Конечно, было не так просто устроиться на единственном антикварном кресле, поэтому Кэйт настояла, чтобы Бина присела, и она с робостью подчинилась.
Затем она вскинула глаза к Кэйт и схватила ее за руку:
— Ах, Кэйт, я боюсь. Что, если я пройду через все это, и оно принесет мне несчастье? А если Джек не…
— Бина, не глупи. Как ты можешь утверждать такое? — вздохнула Кэйт. — Я сегодня целый час убеждала восьмилетнего мальчишку в том, что колдовство бессмыслица. Не заставляй меня повторять это снова.
— Ладно, что тут скажешь, маленькая мисс Логика. Да, я суеверная. Никаких черных кошек, шляп на кроватях, не дарить обуви подругам.
— Обуви подругам?
— Ага. Ты даришь подруге туфли, и она бросает тебя, — пояснила Бина. — А ты не знала?
— Бина, ты просто сумасшедшая, — ответила Кэйт. — Как бы то ни было, это для тебя важный день, и я хочу быть к этому причастна. Расслабься и наслаждайся. Все будет отлично, и вечер с Джеком пройдет чудесно.
Бина все еще сомневалась. Она вытянула шею и снова огляделась вокруг.
— Должно быть, это дорогое удовольствие, — молвила она. — Прикинь, я могла бы сделать все в Бруклине у корейца Кима за четверть здешней цены. И думаю, было бы нисколько не хуже.
Кэйт улыбнулась:
— Может, и да, а может — нет. Зато какая здесь обстановка!
— Моя мама сказала бы: «Обстановка — шмобстановка, покрасьте-ка мне ногти».
— Знаешь, я люблю твою маму, но иногда она не совсем в курсе дела.
Бина выглядела смущенно.
— А как пишется «шмобстановка», а? — спросила Кэйт весело.
— Это не напишешь, — ответила Бина. — Это идиш. Разговорный язык.
Кэйт рассмеялась. Это была обычная словесная игра между ней и Биной, которая была в ходу у них с тех пор, как Кэйт переступила порог дома Горовицев, и миссис Горовиц заявила, что отец Кэйт не знает «бупкис», как вырастить «шейну майделу».
Тогда Кэйт еще не ведала, что «бупкис» значит «абсолютно ничего», а «шейна майдела» — «красивая девочка», но она поняла это из контекста. Она узнала также, что означают слова «пуц», «шноррер» и «гониф», все они звучали благозвучнее их английских эквивалентов.

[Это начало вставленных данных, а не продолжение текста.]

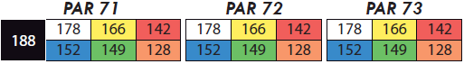 Tee shot in discesa verso un green notevolmente sopraelevato, difeso da tre bunker e dalla pendenza con bosco sulla sinistra.

Кэйт отмечала все праздники в доме Бины, даже если это были ее собственные праздники, и она научилась ценить субботнюю тарелку со сладкой еврейской лапшой. Когда для Кэйт пришло время первого причастия, миссис Горовиц сшила ей белое платье и купила головной убор. (Бина, тоже захотевшая белое платье и головной убор, получила их, хотя доктор и миссис Горовиц и не пошли на то, чтобы позволить ей встать в ряд с девочками-католичками во время церемонии.) Кэйт была сильно разочарована, когда священник на уроке катехизиса убеждал их, что дурачества на Хеллоуин — это смертельный грех. Она поделилась этим с мамой Бины и получила от нее наставление:
— Грех-шмех! Делай что вздумается в этом мешугене[2]костюме и получай свои конфеты. И не думай об этом.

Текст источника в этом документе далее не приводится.